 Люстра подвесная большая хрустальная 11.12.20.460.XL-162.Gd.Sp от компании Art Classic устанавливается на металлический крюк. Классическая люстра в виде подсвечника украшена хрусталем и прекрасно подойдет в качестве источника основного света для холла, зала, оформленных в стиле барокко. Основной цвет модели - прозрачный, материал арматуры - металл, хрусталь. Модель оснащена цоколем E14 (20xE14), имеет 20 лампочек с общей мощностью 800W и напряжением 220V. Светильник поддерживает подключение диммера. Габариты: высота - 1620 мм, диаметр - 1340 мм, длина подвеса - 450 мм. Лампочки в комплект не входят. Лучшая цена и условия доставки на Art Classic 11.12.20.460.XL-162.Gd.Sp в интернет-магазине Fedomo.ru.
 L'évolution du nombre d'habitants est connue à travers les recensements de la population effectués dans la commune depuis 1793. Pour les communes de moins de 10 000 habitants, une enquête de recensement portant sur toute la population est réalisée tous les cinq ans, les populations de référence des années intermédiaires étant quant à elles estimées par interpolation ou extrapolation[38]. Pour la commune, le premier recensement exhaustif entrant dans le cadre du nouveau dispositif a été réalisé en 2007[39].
==
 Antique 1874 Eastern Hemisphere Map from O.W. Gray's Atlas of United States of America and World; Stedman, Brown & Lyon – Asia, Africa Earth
* * *
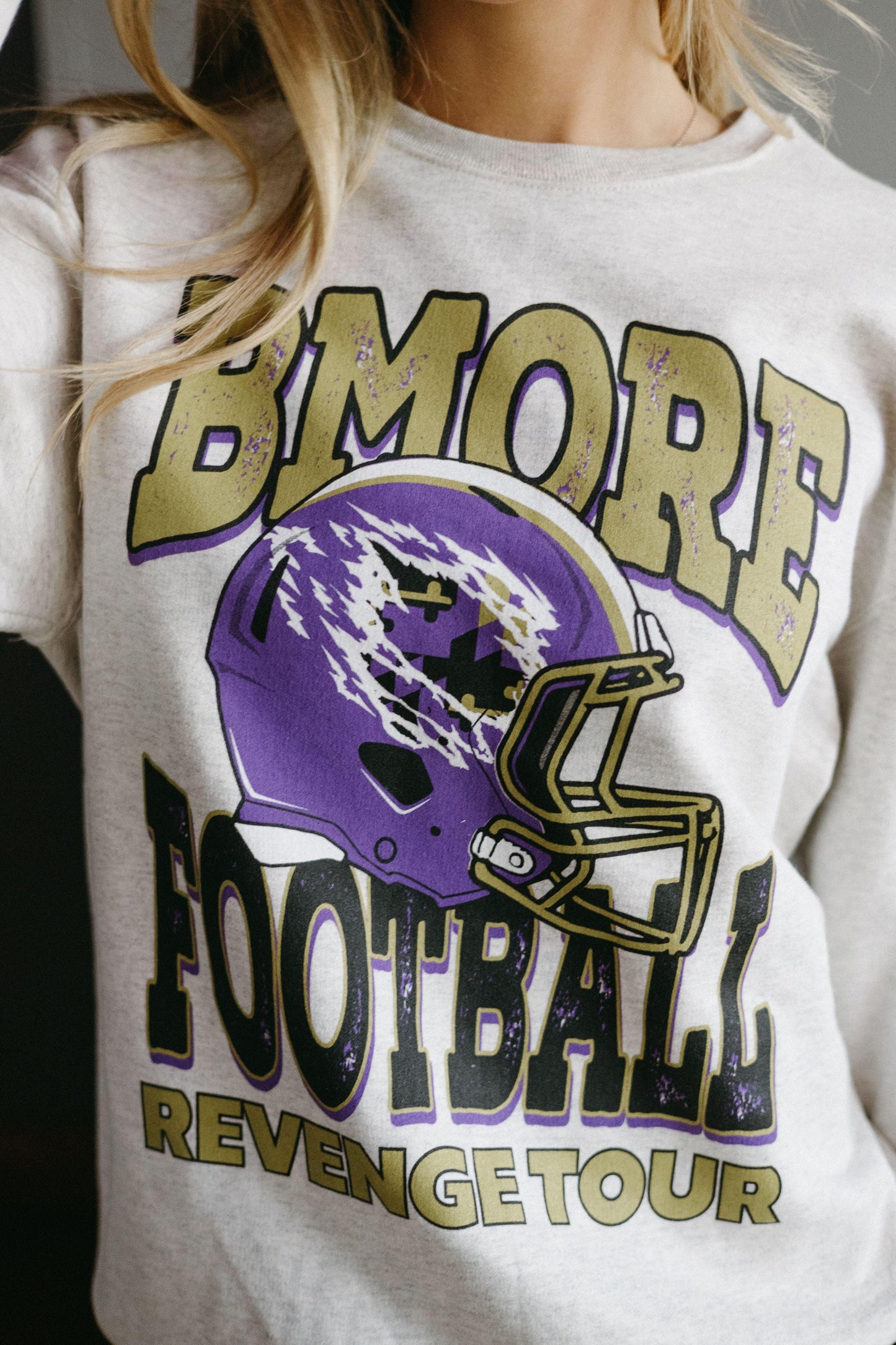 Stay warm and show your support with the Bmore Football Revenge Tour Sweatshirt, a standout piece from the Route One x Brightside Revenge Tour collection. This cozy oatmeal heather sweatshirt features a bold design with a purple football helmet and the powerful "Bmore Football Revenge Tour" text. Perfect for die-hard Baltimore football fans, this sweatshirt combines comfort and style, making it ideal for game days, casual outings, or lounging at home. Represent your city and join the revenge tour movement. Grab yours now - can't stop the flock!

WHAT THE EXERCISE ASKS:
Here the job is to set down exactly the lines of the material above that fall between the one with "Люстра подвесная большая" and the one with "L'évolution du nombre", inclusive, and nothing beyond them.

OUTPUT OF THE TASK:
 Люстра подвесная большая хрустальная 11.12.20.460.XL-162.Gd.Sp от компании Art Classic устанавливается на металлический крюк. Классическая люстра в виде подсвечника украшена хрусталем и прекрасно подойдет в качестве источника основного света для холла, зала, оформленных в стиле барокко. Основной цвет модели - прозрачный, материал арматуры - металл, хрусталь. Модель оснащена цоколем E14 (20xE14), имеет 20 лампочек с общей мощностью 800W и напряжением 220V. Светильник поддерживает подключение диммера. Габариты: высота - 1620 мм, диаметр - 1340 мм, длина подвеса - 450 мм. Лампочки в комплект не входят. Лучшая цена и условия доставки на Art Classic 11.12.20.460.XL-162.Gd.Sp в интернет-магазине Fedomo.ru.
 L'évolution du nombre d'habitants est connue à travers les recensements de la population effectués dans la commune depuis 1793. Pour les communes de moins de 10 000 habitants, une enquête de recensement portant sur toute la population est réalisée tous les cinq ans, les populations de référence des années intermédiaires étant quant à elles estimées par interpolation ou extrapolation[38]. Pour la commune, le premier recensement exhaustif entrant dans le cadre du nouveau dispositif a été réalisé en 2007[39].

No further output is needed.